Edge agent deployment patterns: where the model lives matters more than ever

Centralised inference is great until you measure first-token latency from Sydney to a US data centre. Edge inference closes the gap, opens new ones, and shifts the architecture meaningfully. Here are the five working deployment patterns and what each is good for.

Why edge for agents

Three drivers:

Latency — speech-driven agents, real-time interactions, anything sub-second.
Privacy — data stays in the user's region (or device).
Cost — for some workloads, edge is cheaper at scale.

Not every workload benefits. Heavy reasoning still wants centralised frontier models.

The five patterns

1. POP-cached

Lightweight model runs at every CDN POP. Cloudflare Workers AI, Fastly's offering, etc. Good for classification, light generation.

Strengths: lowest latency outside on-device.
Weaknesses: small model class only.
Pick when: classifier, router, light text utility.

2. Regional inference

Larger models in a few major regions. Closer than central, fatter than POP.

Strengths: balanced quality and latency.
Weaknesses: still milliseconds of network.
Pick when: mid-tier reasoning, voice agents, regional residency.

3. On-device

The model runs on the user's device. See on-device inference and browser-native agents.

Strengths: zero latency, full privacy.
Weaknesses: model size constrained; battery cost.
Pick when: privacy-critical, latency-critical.

4. Hybrid

Easy 70% on edge or on-device; hard 30% routes to central. See model routing.

Strengths: best of both worlds.
Weaknesses: classifier complexity.
Pick when: product spans easy and hard tasks.

5. Edge gateway

The MCP gateway runs at the edge; tool calls also evaluated at the edge; only the model call goes central.

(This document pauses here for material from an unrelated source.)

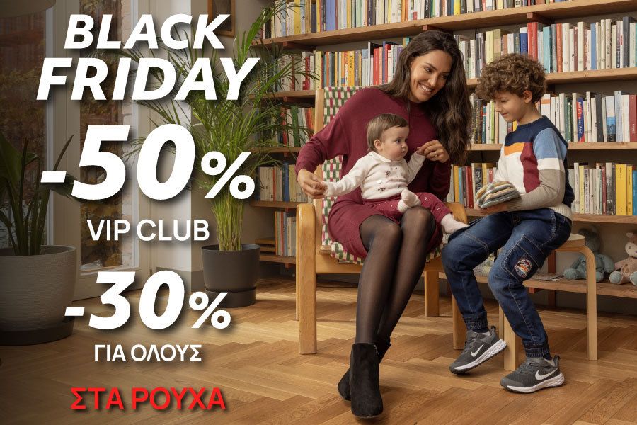 Σε εμάς θα βρείτε μεγάλη ποικιλία σε είδη ρουχισμού και αξεσουάρ για το Νεογέννητο, το Παιδί και τη Μαμά με έκπτωση -50% για τα μέλη της κάρτας Club. Ρούχα σε ξεχωριστά σχέδια και χρώματα που συνδυάζουν άνεση και στυλ. Βαμβακερά φορμάκια για το ευαίσθητο δέρμα του νεογέννητου μωρού σας. Φούτερ, ζακέτες, μπλούζες και φόρμες για αγόρια και κορίτσια για κάθε στιγμή της ημέρας, το σχολείο και το παιχνίδι σε τιμές Black Friday. Ζεστά μπουφάν που προστατεύουν από το κρύο με έκπτωση -50% για τα μέλη της κάρτας. Πιτζάμες, εσώρουχα, κάλτσες και υπνόσακοι για τα πιο γλυκά όνειρα. Ξεχωριστές προτάσεις για τη Μαμά που περιλαμβάνουν μπλούζες, φορέματα και παντελόνια που αγκαλιάζουν την κοιλιά σε αυτό το όμορφο ταξίδι εξυπηρετώντας παράλληλα και τον θηλασμό. Είδη προίκας για κρεβάτι και λίκνο. Δεν λείπουν οι προτάσεις με τους αγαπημένους ήρωες μικρών και μεγάλων, όπως ο Mickey, η Minnie και ο Spiderman.

Strengths: policy and audit at the edge; latency for non-model parts.
Weaknesses: model latency unchanged.
Pick when: tool-call-heavy agents.

Comparison

Pattern	First-token latency (typical)	Model size	Privacy	Cost @ scale
POP-cached	< 50 ms	< 7B	Edge tenant	Low
Regional	80–200 ms	up to 70B	Region-pinned	Medium
On-device	0–50 ms	1–8B	User-local	Free (per-device)
Hybrid	varies	varies	varies	Medium
Edge gateway	central + policy	central	per region	Medium

Architectural implications

Three things change at the edge:

State management

Edge runtimes are usually stateless or per-POP. Memory layers must live somewhere persistent — typically the regional tier.

Tool call routing

A tool call from an edge agent might cross network boundaries multiple times. Latency budgets compound.

Observability

Trace ingest from many POPs is harder than from one region. Use the observability platforms that handle high-cardinality.

When edge does NOT make sense

Three counter-indications:

Heavy reasoning agents — frontier models do not run at edge today.
Cross-region orchestration — multi-region planners are slower at the edge than central.
Compliance pinning — if data must stay in one specific data centre, edge multiplies the surface.

Cost reality

Edge per-token cost is comparable to central for the small-model class but the architecture savings come elsewhere:

No round-trip data transfer cost for cached content.
Lower abandonment because of latency.
Cheaper authentication because identity sits at the edge.

A 30% net cost reduction is typical for the suitable workloads.

A pragmatic rollout

Three phases for most teams:

Wrap your existing classifier in POP-cached inference. First taste of edge wins.
Move the gateway to the edge. Policy and audit get a latency win.
Add hybrid routing. Easy/hard split; central only when needed.

After 90 days you have the data to decide whether the regional and on-device tiers are worth the engineering.

Common mistakes

Putting heavy reasoning at edge — cost and quality both worse.
No persistent state plan — edge is stateless, agents need state.
Ignoring observability — losing trace visibility because of distributed inference.
One pattern across the product — different parts want different patterns.

Where this is heading

Three trends by 2027: frontier-model-class inference at major regional edges, MCP-native edge primitives in the spec, and standardised edge-vs-central routing helpers in the Claude Agent SDK.